PCT'ers presumably would favor (b) over (a), but I'd be happy
to let the choice rest on the outcome of empirical work
I think you're forgetting about disturbances. Choice a) can't
possibly work, because the initial conditions are never the same
twice in a row. In order for the sight of the approaching ball to
be able to operate the muscles to make the bat hit the ball, the
initial stance, footing, bat motion, wind velocity, lighting
conditions, bat weight and moment of inertia, state of laundering
of the uniform, cleanliness of the ball, condition of the arm,
torso, neck, eye, and leg muscles, direction of gaze, degree of
bend of the knees, tightness of the shoelaces, degree of scuffing
of the ground in the batter's box, soil composition of same,
wetness of same, position and friction of grip on the handle of
the bat, and probably several more factors I haven't thought of,
would all have to be identical on every occasion on which the bat
actually contacted the ball.
(I'm actually not entirely convinced that the two are
empirically distinct).
They are quite distinct. Under the assumptions of choice a), two
identical pitches will result in two identical swings of the bat.
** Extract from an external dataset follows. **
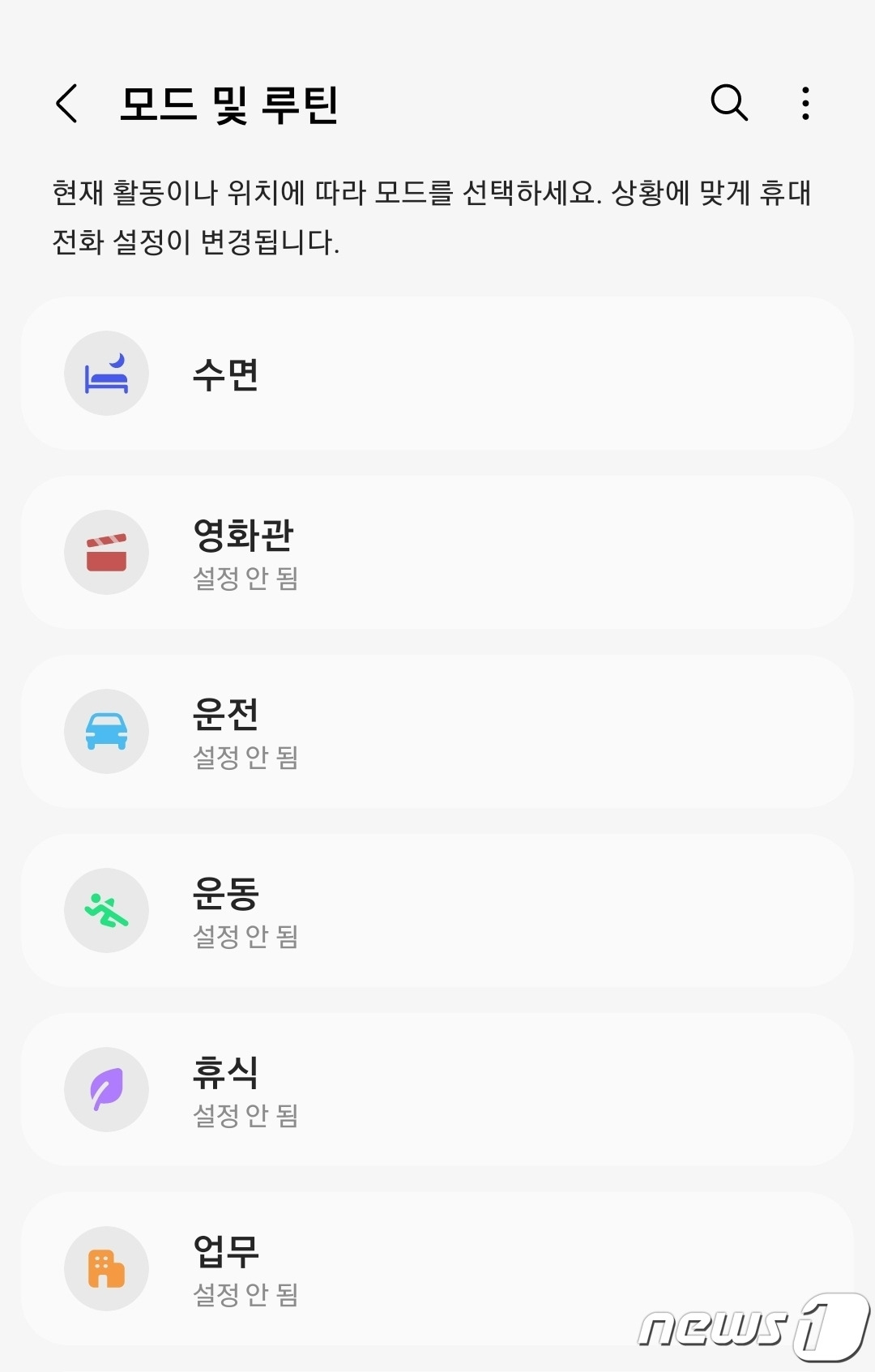 모드 및 루틴 메뉴에 들어가면 기본 모드와 사용자 지정 루틴을 함께 관리할 수 있습니다.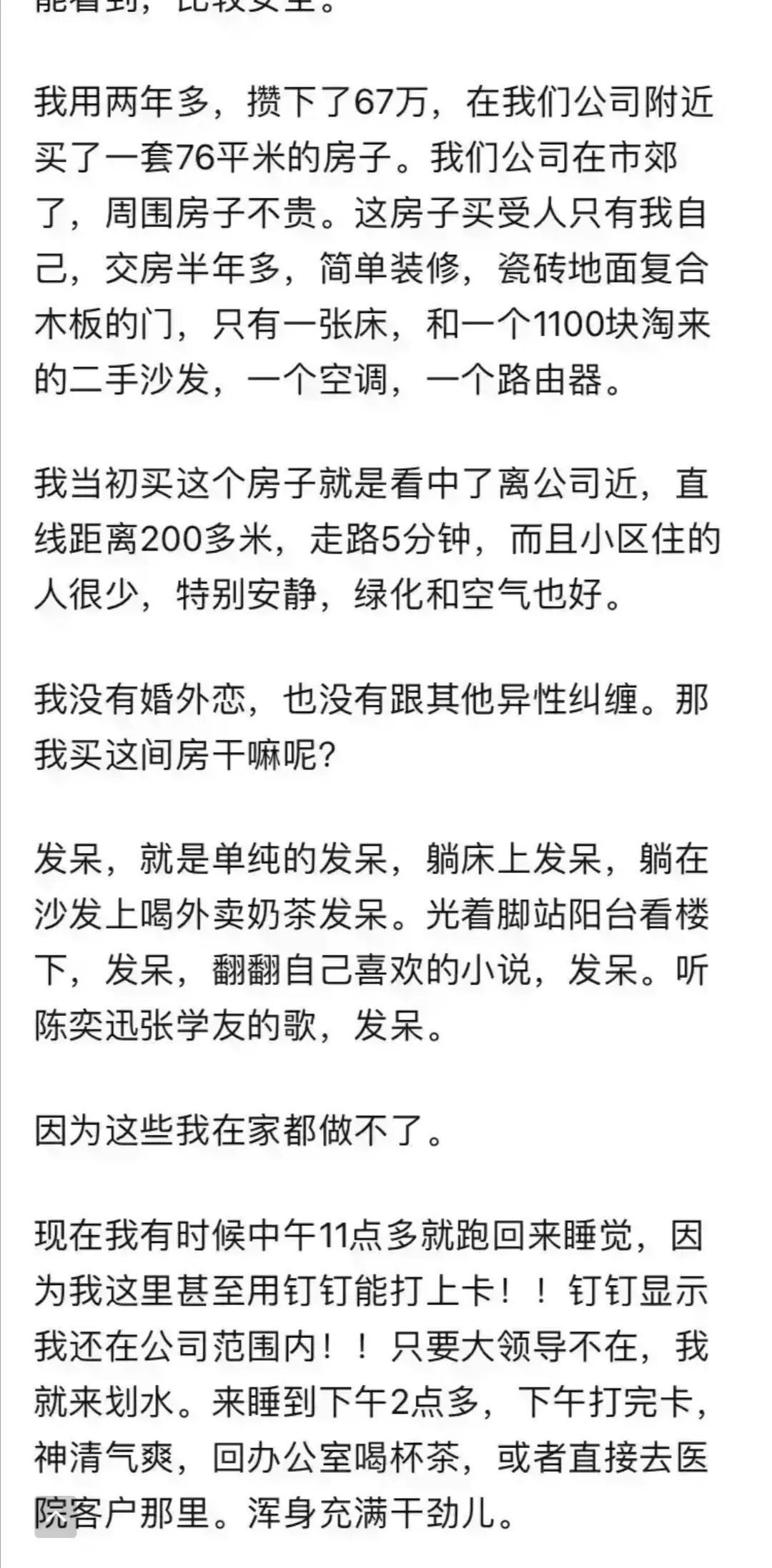 “发呆,就是单纯的发呆,躺床上发呆,躺在沙发上喝外卖奶茶发呆。光着脚站阳台看楼下,发呆,翻翻自己喜欢的小说,发呆。听陈奕迅张学友的歌,发呆。因为这些我在家都做不了。这种感觉很美妙,只有在这里才感觉到真正的放松,而且自己像拥有了一个秘密基地一样,每次锁门开门都有种难以言表的刺激感,堪比偷情。我没把这件事告诉任何人,包括我最好的兄弟和同事。”

The bat will hit the ball only if the batter and bat begin in
exactly the same initial conditions each time, and if the muscle
forces exactly repeat, and if all other conditions are the same.
The bat would have to follow the same trajectory each time; it is
impossible that the bat could be commanded to follow two
different trajectories, given the same inputs to the same CPG,
and highly unlikely that if the initial conditions differed, the
combinations of differences would leave the outcome the same.
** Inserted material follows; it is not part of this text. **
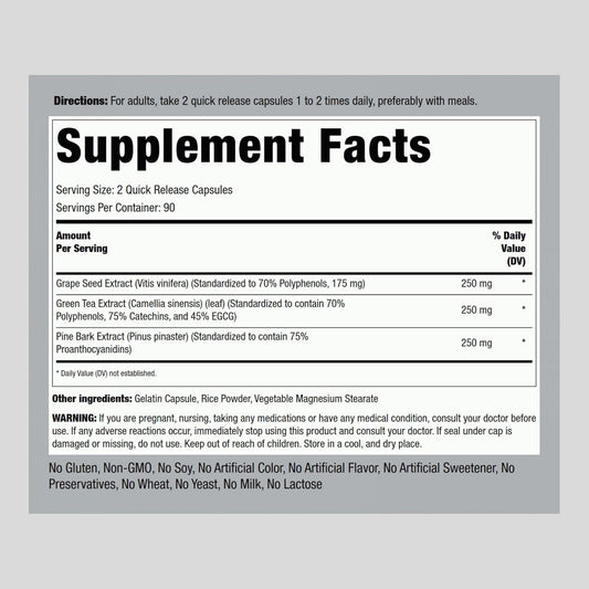 180 Capsules Piping Rock Grape Seed, Green Tea & Pine Bark Complex - Standardized Extract, Non GMO, Gluten Free Supplement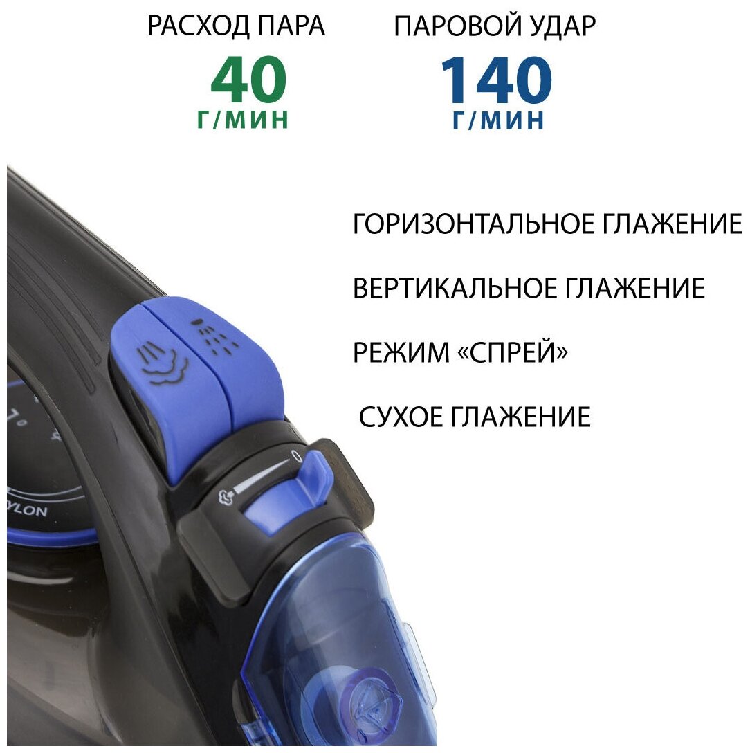Peculiarities: Vertical steam, Anti-drip system, Water sprayer, Self-cleaning function

Under the PCT proposal, the bat might hit the ball 20 times on 20
identical pitches, and never repeat a trajectory. I predict that
this is what an empirical investigation would find.
My own preference is to propose that the batter converts
kinesthetic positions and velocities, plus ball positions and
velocities, into terms of a common perceptual coordinate system,
and varies the muscle tensions as required to alter the swing as
required to keep the distance between the kinesthetic positions
(adjusted for bat length) and the ball positions continuously
decreasing. This is much more obvious in slow-pitch softball than
in big-league hardball, because the success rate is far higher
and the control systems are operating much farther within their
limits. The actual control task is relatively simple.
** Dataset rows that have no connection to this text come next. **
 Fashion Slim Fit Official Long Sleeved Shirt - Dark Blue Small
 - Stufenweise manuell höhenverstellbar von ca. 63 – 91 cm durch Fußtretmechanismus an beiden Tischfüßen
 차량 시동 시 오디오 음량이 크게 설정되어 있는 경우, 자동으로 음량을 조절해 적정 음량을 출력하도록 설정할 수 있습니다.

What `closed loop' theories of motor learning say is that
acquisition of a skill involves Knowledge of the Results of
attempted actions in order to tune the CPG or whatever that's
producing the action.
This really applies in the context of your example only to
certain skills in which there is a substantial uncontrolled
component or a substantial lag involved. A better example of this
than baseball is bowling, or "bowls" as some underdeveloped
civilizations call it. Bowling success depends entirely on how
precisely the bowler can control the kinesthetic and visual
variables up to the point of release of the ball. Bowlers learn
to focus on repeating initial conditions as precisely as
possible, to minimize the need for corrective actions during the
approach and release. Such corrective actions always occur; the
smaller they need be, the better the long-term result. The
residual inaccuracies of control are reflected in the variations
of ball behavior, in addition to variations due to ball
irregularities and changes in the oiling of the boards on the
alley and irregularities in pin surfaces and placement, and these
factors in turn are reflected in the paucity of 300 games.
Higher-level control necessarily involves a much slower process
because of the long delay between repetitions of the delivery.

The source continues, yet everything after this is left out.